What to work on ▸
Begin with the first line of the material and write out each line exactly, ending with the line that contains "골피아 JB4A537W 여성 스트링 배색 후드 베스트 조끼". Pictures are not part of the copy.

Data ▸

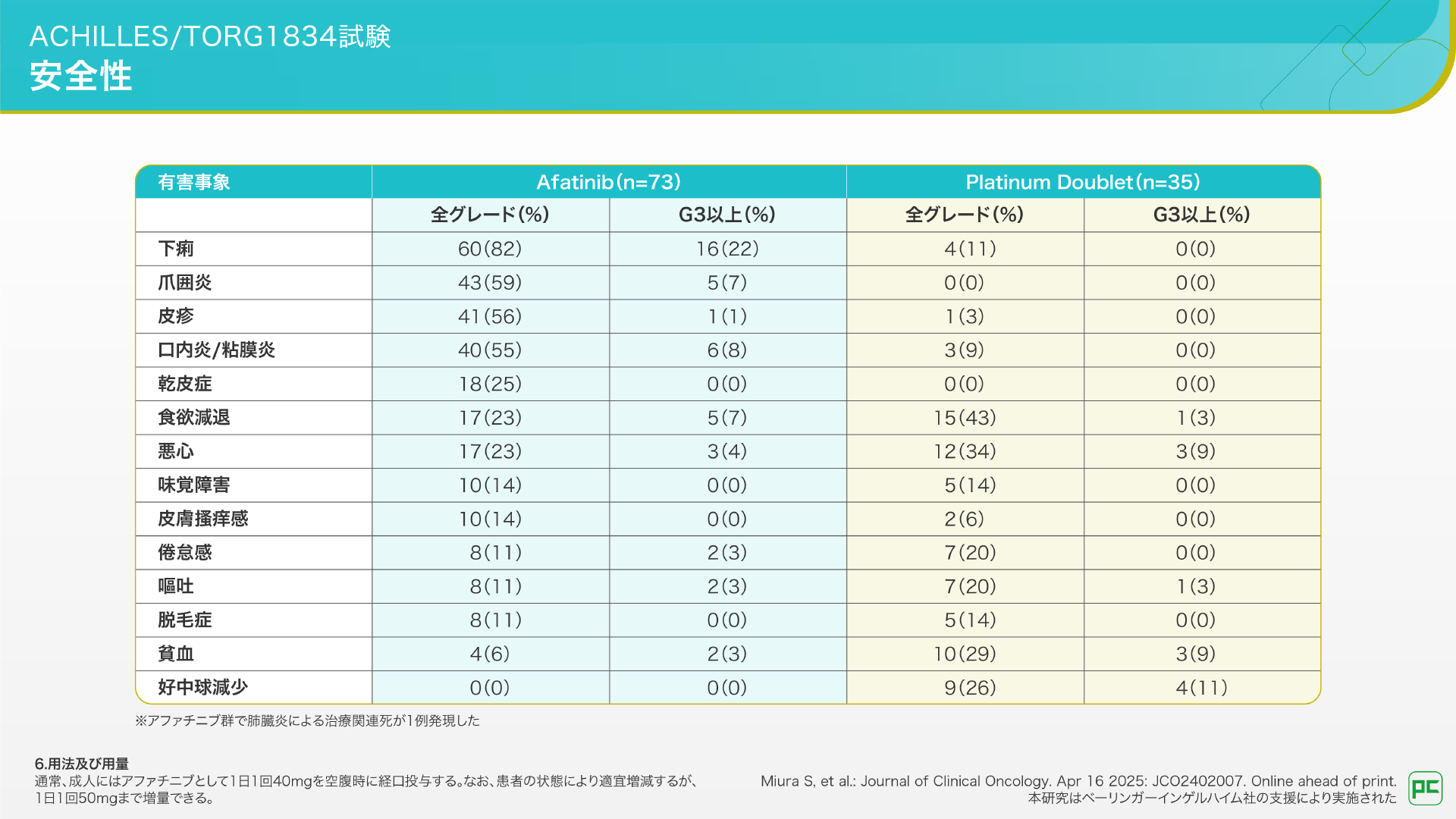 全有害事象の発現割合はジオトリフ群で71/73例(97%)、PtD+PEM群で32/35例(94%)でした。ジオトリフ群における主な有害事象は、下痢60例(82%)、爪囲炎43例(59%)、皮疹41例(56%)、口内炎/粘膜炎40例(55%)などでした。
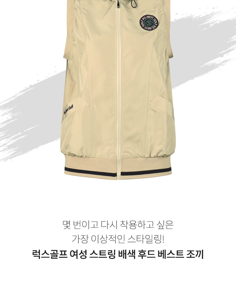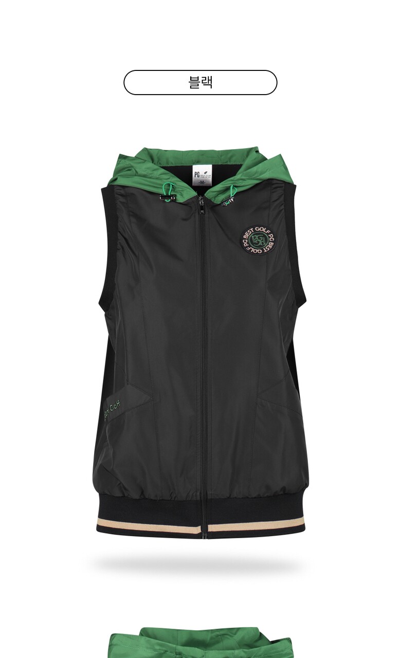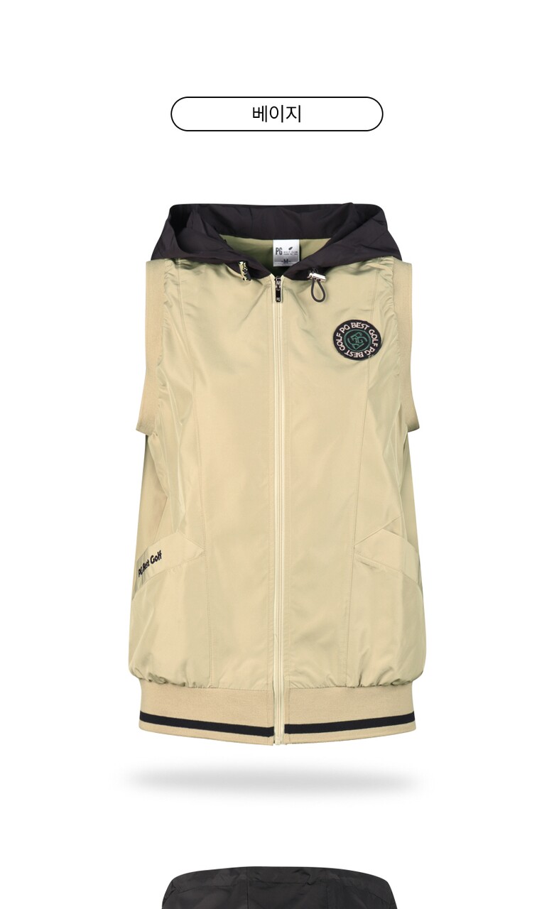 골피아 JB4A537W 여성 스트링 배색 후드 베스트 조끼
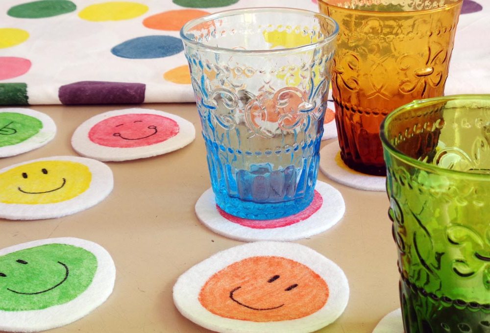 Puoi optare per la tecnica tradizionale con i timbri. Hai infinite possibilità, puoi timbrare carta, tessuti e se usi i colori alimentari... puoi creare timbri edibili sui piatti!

Output ▸
 全有害事象の発現割合はジオトリフ群で71/73例(97%)、PtD+PEM群で32/35例(94%)でした。ジオトリフ群における主な有害事象は、下痢60例(82%)、爪囲炎43例(59%)、皮疹41例(56%)、口内炎/粘膜炎40例(55%)などでした。
 골피아 JB4A537W 여성 스트링 배색 후드 베스트 조끼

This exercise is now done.